■ Data:
※ ※ ※

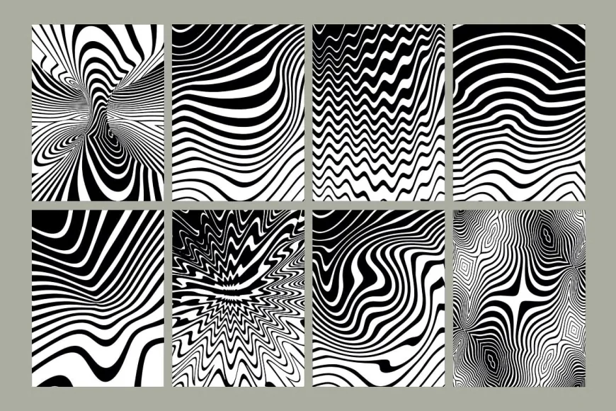Dive into a world of retro-inspired abstraction with this collection of black and white wavy textures.
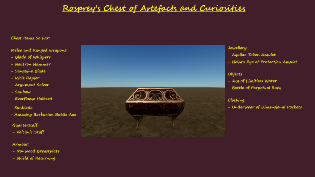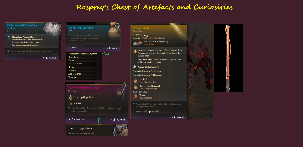 - 永续朗姆酒瓶(无限朗姆酒瓶)- 收集时会添加到营地补给包中。可以创建巨大的酒精池。
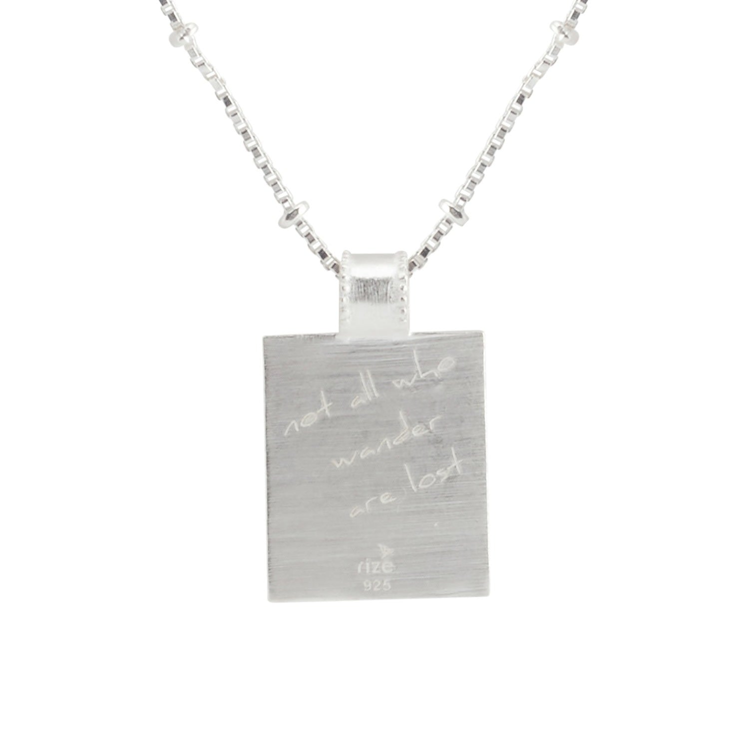 The Voyager Palm Necklace by Rize is a beautiful piece for travelers and wanderers. It features a pendant with a tribal traveler girl under a palm tree and a clear quartz stone at the center. The reverse side is engraved with the quote "not all who wander are lost." The necklace is made from recycled sterling silver by Fairtrade artisans.

※ ※ ※

■ Work instructions:
Output the data above exactly; pictures do not belong in the copy.

■ Exercise response:
Dive into a world of retro-inspired abstraction with this collection of black and white wavy textures.
 - 永续朗姆酒瓶(无限朗姆酒瓶)- 收集时会添加到营地补给包中。可以创建巨大的酒精池。
 The Voyager Palm Necklace by Rize is a beautiful piece for travelers and wanderers. It features a pendant with a tribal traveler girl under a palm tree and a clear quartz stone at the center. The reverse side is engraved with the quote "not all who wander are lost." The necklace is made from recycled sterling silver by Fairtrade artisans.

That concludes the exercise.